I've noticed this on HN for genetics- and especially evolution-related topics. Many commenters here confidently state as fact things which turn out to be dead wrong. If your knowledge of evolution is limited to having read 'The Selfish Gene', you should be aware that you likely carry several misconceptions and also have many large gaps in your knowledge.

It turns out that, although possibly a virtue when programming, hubris can easily lead you astray if you're outside your field of expertise. Humility is more useful in these situations.

I am sure that this holds true for many other topics; it should give us all pause before we accept statements as true just because they sound agreeable to us, or before we regurgitate opinions whose veracity we're not in a position to verify.

Incidentally, I've also spotted this on the TV show QI, many of whose clever 'facts' are misleading at best or just plain incorrect.

There are three options when you disagree with something on on HN.

  It's Wrong.
  It's Correct, and you are mistaken.
  It's Correct, but poorly communicated.
IMO, the poorly communicated issue shows up far more than most people assume. I have seen several discussion between two experts go X, that's wrong Y, that's not true X(1)... then after 10 posts they end up agreeing that X ~= Y if Z.

PS: This is also far worse on the softer ends of hard science. Diet, Economics, Climate, Astronomy, and Evolution all suffer from studying complex things with limited ability to experiment.

> If your knowledge of evolution is limited to having read 'The Selfish Gene', you should be aware that you likely carry several misconceptions

I know this is veering wildly offtopic, but when I see misconceptions about evolution on HN, they're usually not being displayed by people with too rudimentary a science background, it's mostly people with an altogether unscientific background such as creationism or other religious and philosophical ideas that are in conflict with factual information.

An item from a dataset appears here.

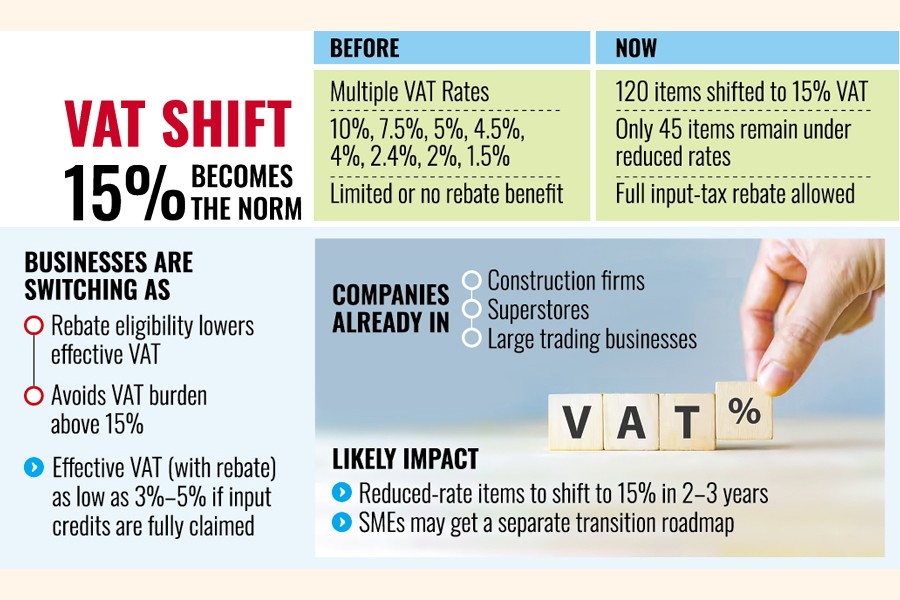 Bangladesh is transitioning into a ramped-up 15-percent VAT regime amid some concerns, but a redeeming feature is the provision for rebate meant for reducing the overall tax incidence.
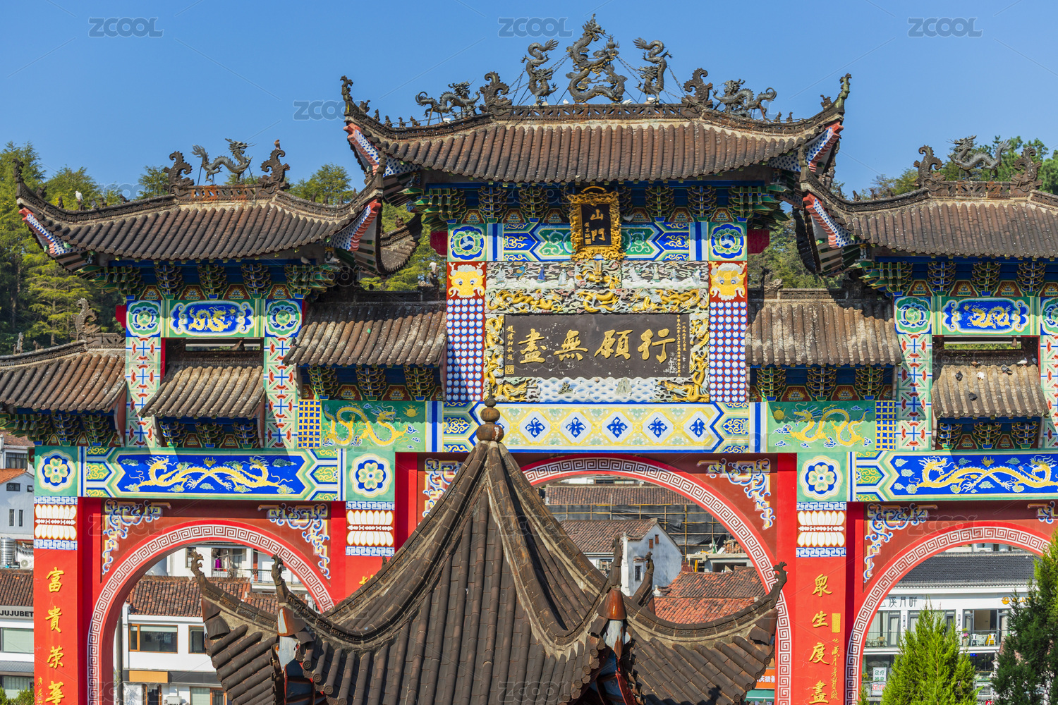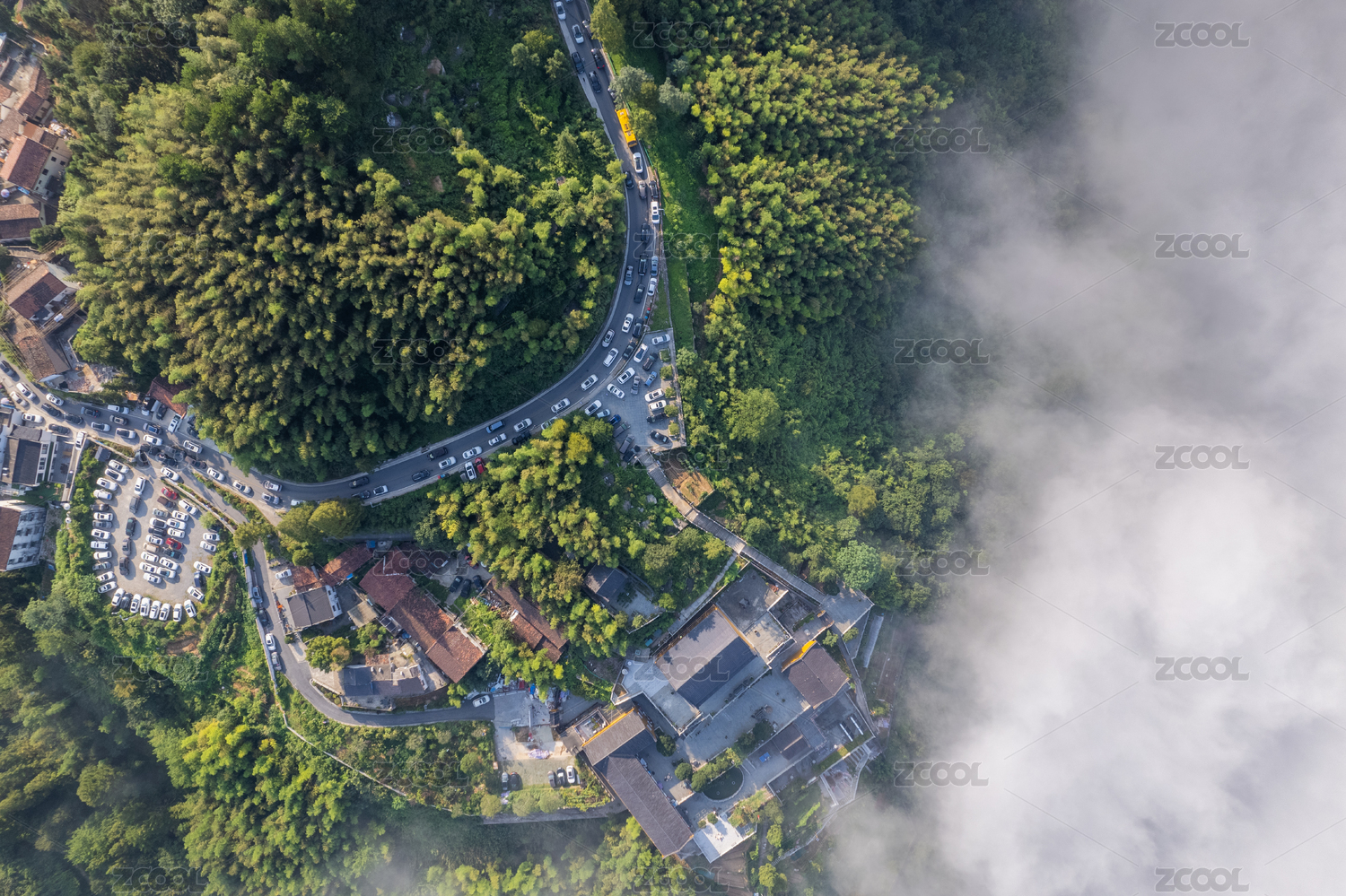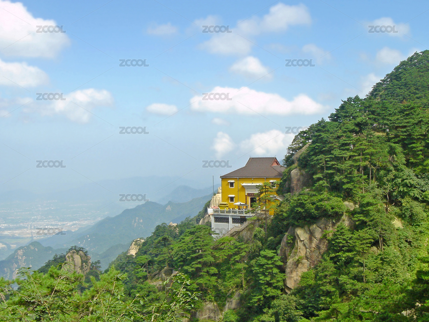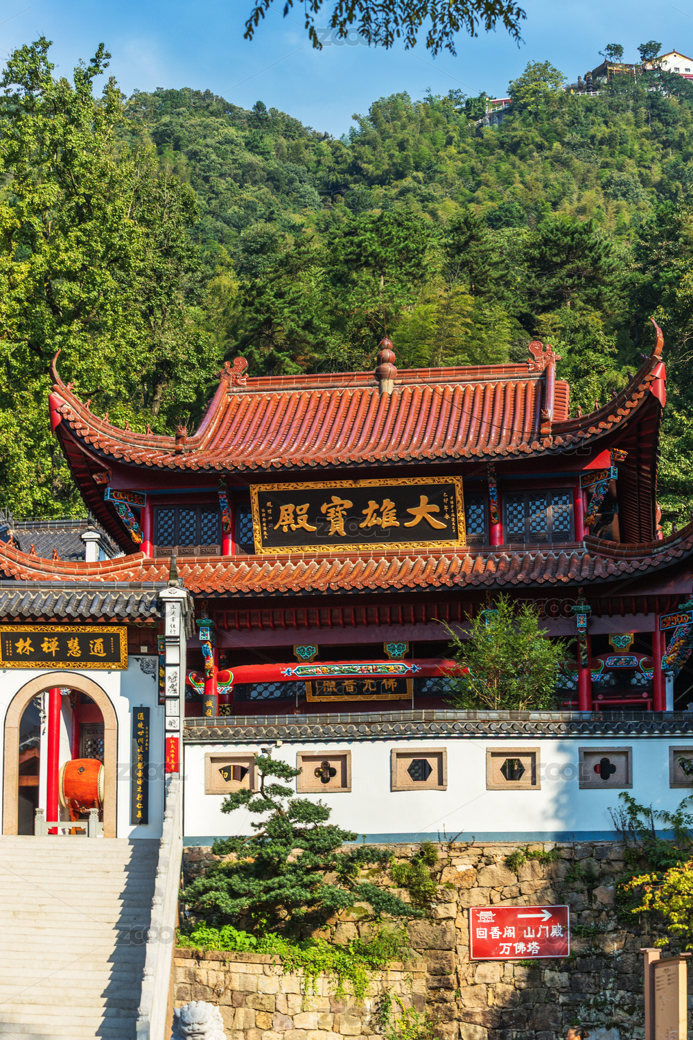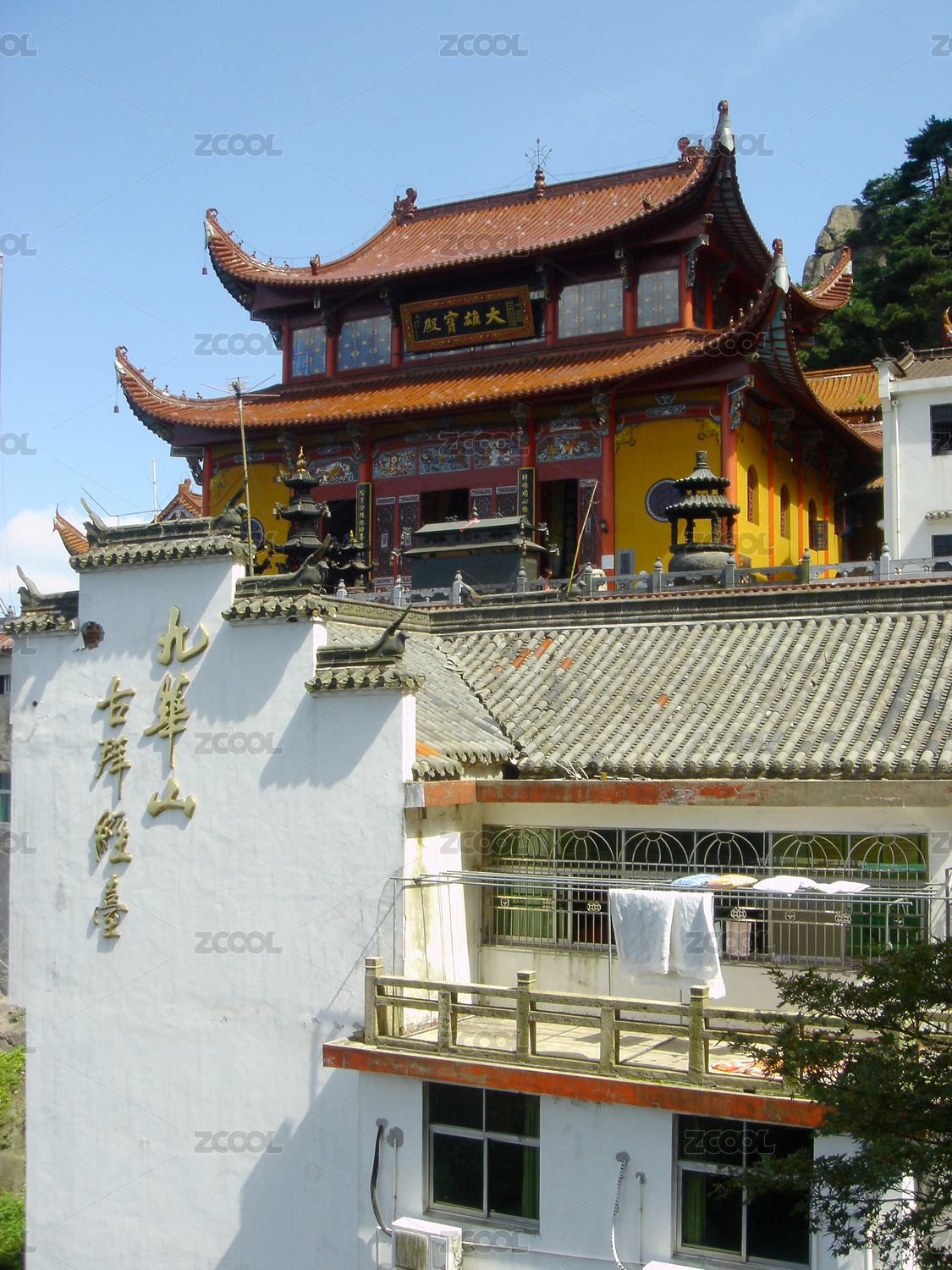 安徽池州青阳县九华山佛教建筑古拜经台俯拍

> Incidentally, I've also spotted this on the TV show QI, many of whose clever 'facts' are misleading at best or just plain incorrect.

I'm not familiar with that show, but that's a common problem in science journalism now, and it's not even confined to "popular" science anymore either. Maybe it's always been that way, and I just notice it more nowadays.

> For several domains I know something about, the comments here are painfully misguided and just bad

There is also a lot of the opposite - but just as bad - phenomenon going on: I believe shouting out unreflected gotcha!-style rebuttals to comments has become somewhat of a sport around here, to the point where I sometimes wonder if misunderstanding the original comment was maybe an intentional act.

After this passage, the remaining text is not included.